Independent panel established to review articles published in The BMJ by Abramson et al  and Malhotra : Terms of reference
In October 2013 The BMJ published an article by John Abramson and colleagues that questioned the evidence behind new proposals to extend the routine use of statins to people at low risk of cardiovascular disease.  Abramson et al set out to reanalyse data from the Cholesterol Treatment Trialists Collaboration. Their contention was that the benefits of statins in low risk people were less than has been claimed and the risks greater.
In their conclusion and in a summary box, they said that side effects of statins occur in 18-20% of people. This figure was repeated in another article published in the same week in The BMJ by Aseem Malhotra.  The BMJ and the authors of both articles have now been made aware that this is incorrect, and corrections have been published withdrawing these statements.

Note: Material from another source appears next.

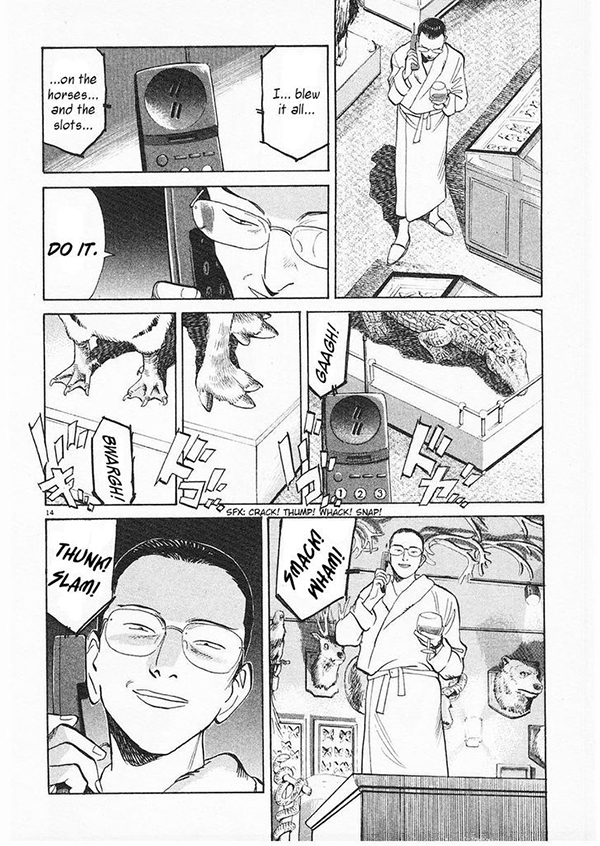 Por el camino hemos conocido ya a su amor de juventud, Keiichiro, a quien hemos visto probar suerte también en el tenis profesional y que ahora vivirá sus horas más bajas; por un lado, con un accidente que puede que le cueste abandonar para siempre las pistas de tenis y, por otro, porque todo parece indicar que ha sucumbido al fin a las románticas maquinaciones de Choko, que lleva bastante tiempo detrás del joven. Sin embargo, quien parece robar el protagonismo del tomo es Sakurada, el joven cobrador de deudas quien, encariñado con Miyuki y sus hermanos, le ha dejado pasar por alto en más de una ocasión algunas infracciones referentes al pago de la deuda y que ahora deberá hacer frente a un enfurecido Wanibuchi. Además, será él quien encuentre a Iyesu, el hermano de Miyuki que realmente debe el dinero, y será el causante de la herida de Keiichiro.
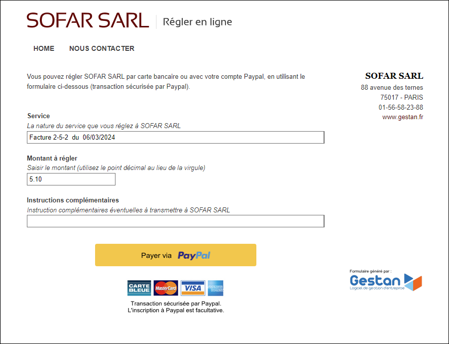 The payment link integrated into the PDF will open a payment form in your colors, hosted on gestan.fr. The payment button will then open the Paypal form.

The corrections explain that, although the 18-20% figure was based on statements in the referenced observational study by Zhang et al --which said that "the rate of reported statin-related events to statins was nearly 18%,”  the BMJ articles did not reflect necessary caveats and did not take sufficient account of the uncontrolled nature of Zhang et al's data.
The BMJ was alerted to the error by Rory Collins, professor of medicine and epidemiology in Oxford and head of the CTT collaboration whose data are reanalysed by Abramson et al. Professor Collins has called for the retraction of both articles.
As explained in an editorial,  The BMJ's editor in chief Fiona Godlee has decided to pass the decision on whether to retract one or both of the articles to an independent panel, whose membership and terms of reference are given below.
1. Abramson JD, Rosenberg HD, Jewell N, Wright JM. Should people at low risk of cardiovascular disease take a statin? BMJ 2013;347:f6123.
2. Malhotra A. Saturated fat is not the major issue. BMJ 2013;347:f6340.
3. Zhang H, Plutzky J, Skentzos S, Morrison F, Mar P, Shubina M, et al. Discontinuation of statins in routine care settings. Ann Intern Med2013;158:526-34.
4. Godlee F. Adverse effects of statins. BMJ 2014; 348:g3306.
2. Membership of the panel
Iona Heath, former chair, Royal College of General Practitioners; former chair, The BMJ's ethics committee.
Stephen Evans, professor of pharmacoepidemiology, London School of Hygiene and Tropical Medicine
Curt Furberg, professor emeritus of public health sciences, Wake Forest University School of Medicine; former chair of steering committee and principal investigator, ALLHAT trial; member, editorial advisory board of The BMJ
Julia Hippisley-Cox, professor of epidemiology and general practice, University of Nottingham
Harlan Krumholz, Harold H. Hines Jr. professor of medicine (cardiology) and professor of investigative medicine and of public health (health policy), Yale School of Medicine
Cynthia Mulrow, senior deputy editor, Annals of Internal Medicine; adjunct professor of medicine, Texas University of Health Science Center; member, Institute of Medicine
Paul Wicks, vice president of innovation, Patients Like Me; member, editorial advisory board of The BMJ
3. Scope of the panel's work
To consider whether either or both articles should be retracted.
To review and comment on the process by which the articles were published.
To review and comment on how criticisms and complaints against the articles were raised, and how the journal responded.
To summarise its findings and make recommendations to The BMJ's editor in chief in a report that will be published on bmj.com.
4. Accountability and transparency
All submissions to the panel and all documents used by the panel will be placed in the public domain on bmj.com, either at the time of submission or as part of the panel's final report.
Panel members and all those submitting information to the panel will make full declarations of their interests, which will be published on bmj.com.